If anything, Osnos wrote, inequality is widening, noting recent statistics from the National Bureau of Economic Research that showed that while incomes for the top 1 percent of Americans have nearly tripled, half of the population was earning at the same level they did in 1980, comparing America’s wealth gap to that seen in the Democratic Republic of Congo.
“If we had a more equal distribution of income, and much more money and energy going into public school systems, parks and recreation, the arts, and health care, it could take an awful lot of sting out of society,” Johnson said. “We’ve largely dismantled those things.”
He saw elite anxiety as an indicator America’s social crisis.
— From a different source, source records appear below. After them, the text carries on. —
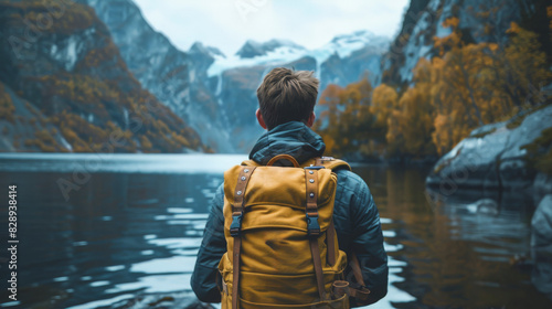 A hiker with a yellow backpack gazes at a serene lake surrounded by towering mountains and autumn foliage, reflecting the peaceful landscape.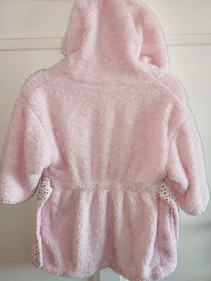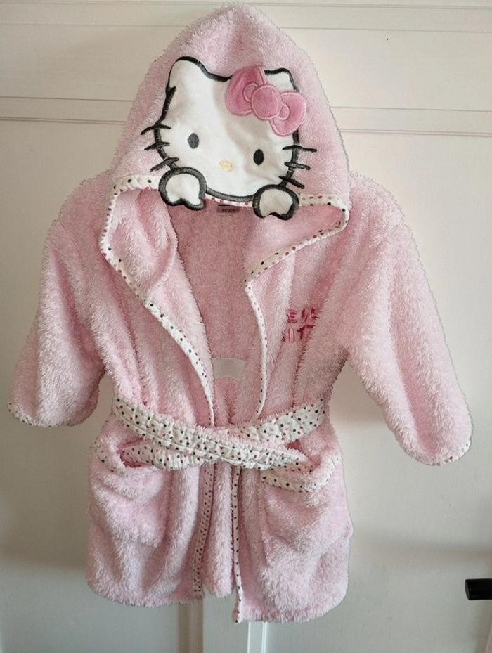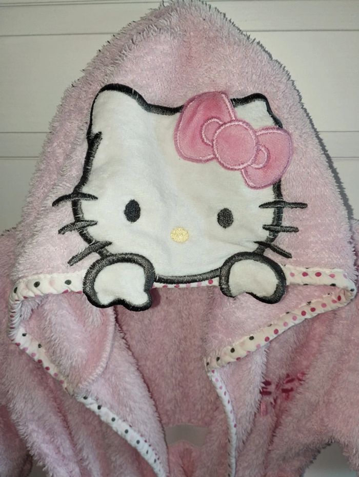 Peignoir Hello Kitty rose avec ceinture intégrée. Capuche. Excellent état. Marqué 80cm soit 12-18mois mais finalement taille petit donc à utiliser entre 9 et 12 mois.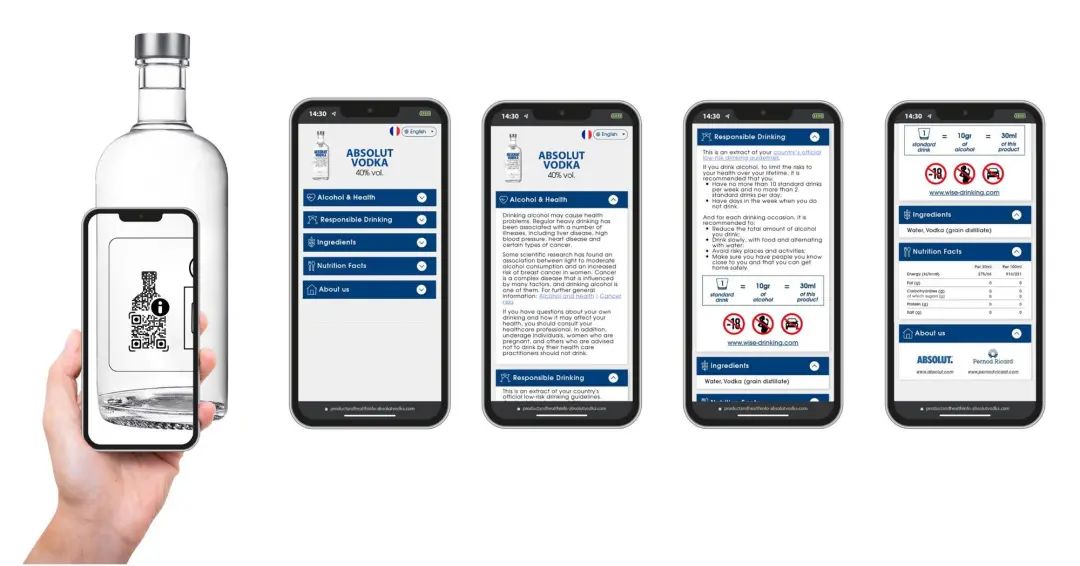 2022年,保乐力加、亿滋国际等企业在欧洲市场采用二维码标签,为消费者提供数字证书、供应链信息、产品相关信息。75% 的用户认为包装二维码信息符合自身预期;90%的人表示这些信息有助于合理消费食物及回收[9]。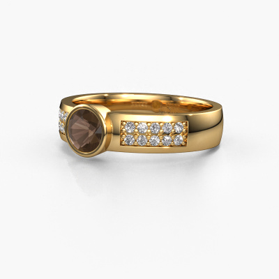 La bague de fiançailles mentionnée ci-dessus a été nommée Ise 3. Ce type de bague de fiançailles est appelé une bague de fiançailles solitaire pavé car elle ne comporte qu’une seule pierre centrale et les tiges de la bague de fiançailles sont également pleins. La bague de fiançailles est faite dans une combinaison d'or 14 Carat et d’or jaune et a un quartz fumé ronds d’une de 4.7 mm, et des diamants sont sertis sur les épaules de l’anneau. Chaque bijou est fabriquée spécialement pour vous par nos maîtres orfèvres dans notre propre atelier. Cette bague de fiançailles solitaire pavé forgée en or jaune modernes a un beau quartz fumé ronds comme pierre centrale, avec plus de quartz fumé sertis dans la bague pour accentuer encore plus la présence de la pierre centrale. Le sertissage à griffes autour du quartz fumé étant ouvert, le quartz fumé capte la lumière de tous les côtés et brille de manière optimale. Ci-dessus, vous pouvez voir comment notre orfèvre travaille la bague de fiançailles avec une extrême précision dans les moindres détails, de telle sorte que le quartz fumé élevé puisse attirer tous les regards. Quelle belle bague de fiançailles à offrir lors de votre demande en mariage à l'amour de votre vie, à votre centre rayonnant ! Puisque nous concevons et livrons nos propres bijoux, nous sommes en mesure de vous proposer une bague de fiançailles à un prix que vous ne pourrez pas trouver ailleurs. Une alliance est fabriquée sur commande, ce qui permet d'éviter les excédents de matériel et nous permet de vous proposer une superbe offre de prix. Nous comprenons qu'acheter votre bague de fiançailles en ligne soit un risque, mais nous vous assistons volontiers dans le processus de conception, en tenant compte de votre budget.Notre équipe ajoute quotidiennement de nouveaux modèles à notre collection en ligne. Nos designers et orfèvres travaillent ensemble pour créer le meilleur design. Nous nous efforçons d'offrir une collection diversifiée de bijoux. Peut-être avez-vous déjà en tête un bijou en particulier ? Un bijou que vous avez trouvé quelque part. Veuillez nous contacter pour une consultation gratuite. Nous vous ferons une offre, basée sur un rapport qualité / prix juste, qui vous déconcertera.Pour vous faciliter la tâche, vous pouvez facilement nous retourner tout bijou commandé dans les 30 jours suivant la livraison.

“Why do people who are envied for being so powerful appear to be so afraid?” Johnson said. “What does that really tell us about our system? It’s a very odd thing. You’re basically seeing that the people who’ve been the best at reading the tea leaves—the ones with the most resources, because that’s how they made their money—are now the ones most preparing to pull the rip cord and jump out of the plane.”Trump is a manifestation of end times. When it becomes apparent that he is a lens magnifying end times, hastening their arrival, rather than punting them downfield for another decade or two, the GOP in Congress will abandon him. But by that time it will be too late.